--- START ---

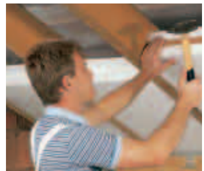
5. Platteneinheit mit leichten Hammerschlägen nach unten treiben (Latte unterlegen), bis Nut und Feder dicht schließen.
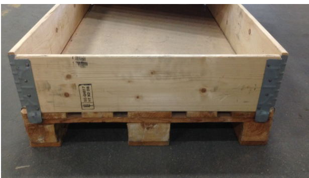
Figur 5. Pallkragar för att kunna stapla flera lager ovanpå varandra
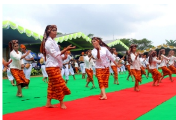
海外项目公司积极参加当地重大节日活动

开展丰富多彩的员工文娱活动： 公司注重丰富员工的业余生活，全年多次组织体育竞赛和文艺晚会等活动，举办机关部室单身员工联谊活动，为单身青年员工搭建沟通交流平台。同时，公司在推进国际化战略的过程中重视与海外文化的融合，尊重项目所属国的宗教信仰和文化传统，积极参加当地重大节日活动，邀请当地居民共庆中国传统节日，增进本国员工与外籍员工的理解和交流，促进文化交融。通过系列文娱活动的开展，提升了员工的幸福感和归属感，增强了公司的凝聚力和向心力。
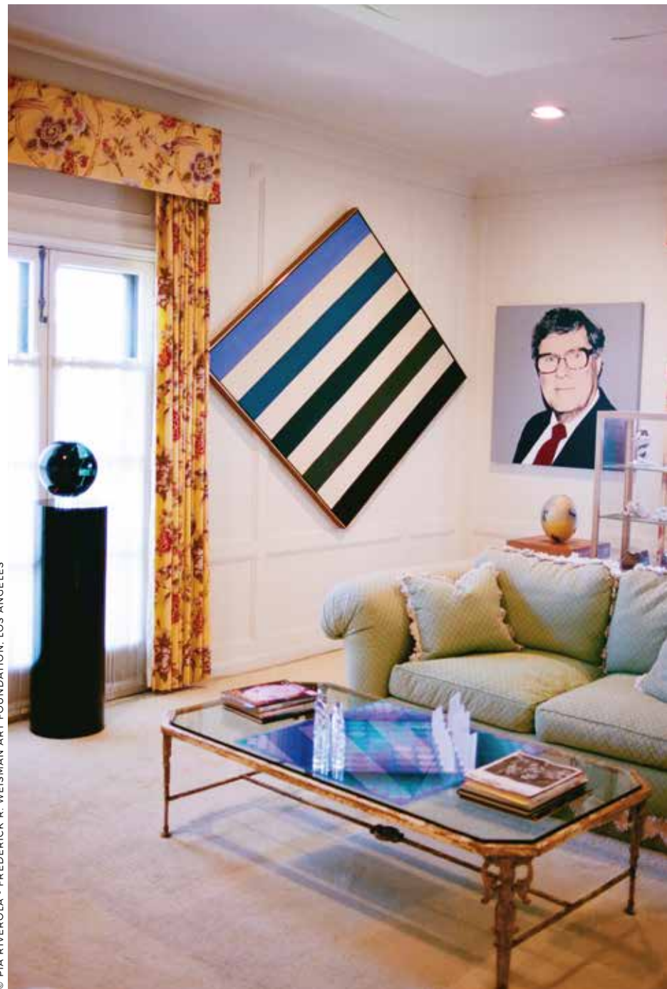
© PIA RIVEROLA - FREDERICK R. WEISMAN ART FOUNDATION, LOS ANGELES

--- END ---
--- START ---

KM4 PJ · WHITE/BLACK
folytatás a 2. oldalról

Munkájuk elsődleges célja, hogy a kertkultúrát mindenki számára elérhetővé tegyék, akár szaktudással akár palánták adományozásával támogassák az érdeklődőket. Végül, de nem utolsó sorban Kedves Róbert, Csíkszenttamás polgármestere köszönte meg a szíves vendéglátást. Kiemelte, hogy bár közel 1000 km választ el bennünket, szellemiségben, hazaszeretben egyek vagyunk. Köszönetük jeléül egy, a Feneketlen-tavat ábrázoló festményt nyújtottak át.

--- END ---

Work required: Transcribe the records above from the line holding "海外项目公司积极参加当地重大节日活动" down to the line holding "开展丰富多彩的员工文娱活动：", inclusive, without adding anything.

Worked solution:
海外项目公司积极参加当地重大节日活动

开展丰富多彩的员工文娱活动： 公司注重丰富员工的业余生活，全年多次组织体育竞赛和文艺晚会等活动，举办机关部室单身员工联谊活动，为单身青年员工搭建沟通交流平台。同时，公司在推进国际化战略的过程中重视与海外文化的融合，尊重项目所属国的宗教信仰和文化传统，积极参加当地重大节日活动，邀请当地居民共庆中国传统节日，增进本国员工与外籍员工的理解和交流，促进文化交融。通过系列文娱活动的开展，提升了员工的幸福感和归属感，增强了公司的凝聚力和向心力。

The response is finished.